Time & Space Complexity

Time complexity: $O(n)$
Space complexity: $O(n)$

Common Pitfalls

Removing High-Frequency Elements First

The greedy strategy requires removing elements with the lowest frequency first to maximize the reduction in unique count. Removing high-frequency elements wastes removals since you need more deletions to eliminate a single unique integer. Always sort frequencies in ascending order.

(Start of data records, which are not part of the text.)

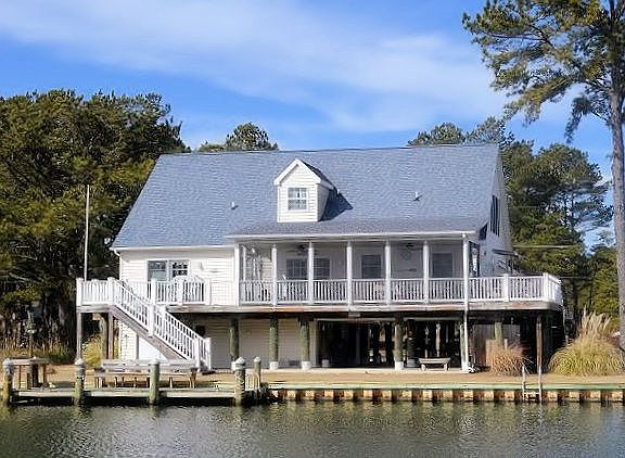 Lovely Waterfront home in Oyster Bay I on Chincoteague Island. 3 Bedrooms and bonus first level sunroom or 4th bedroom and 2.5 baths. Wrap around decking and covered porch add to the delight of this home. Well maintained and spacious this home has limited vacation rentals in season and always booked. Open great room concept and very large bedrooms. Dock, pier, underneath storage area. This home conveys furnished and ready to enjoy.
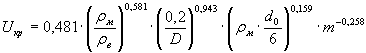 Определение Uм. При известной средней по сечению скорости воздуха при движении пылевоздушной смеси в трубопроводе U для расчета Uм необходимо определить критическую скорость воздуха в пневмотранспортных трубопроводах по выражению (4) из /2/ или (5) из /3/. Выражение (3) применяется при выполнении условий: m ³ 2; D ³ 0,08 м; d0 ³ 20·10-6 м, а в других случаях используется выражение (4).
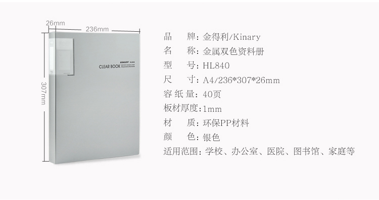 • 金得利金屬雙色資料冊 金得利 HL840 A4 40頁

Counting Unique Integers Incorrectly

A subtle bug is decrementing the unique count even when you cannot fully remove all occurrences of an integer. If k is less than the current frequency, you cannot eliminate that unique integer, so the count should not decrease. Only reduce the unique count when all occurrences are removed.

Forgetting Partial Removal Logic

When k cannot fully cover the current frequency but can partially cover it, some implementations incorrectly skip this case entirely. While partial removal does not reduce the unique count, you still need to account for it when moving to the next frequency bucket in bucket sort approaches.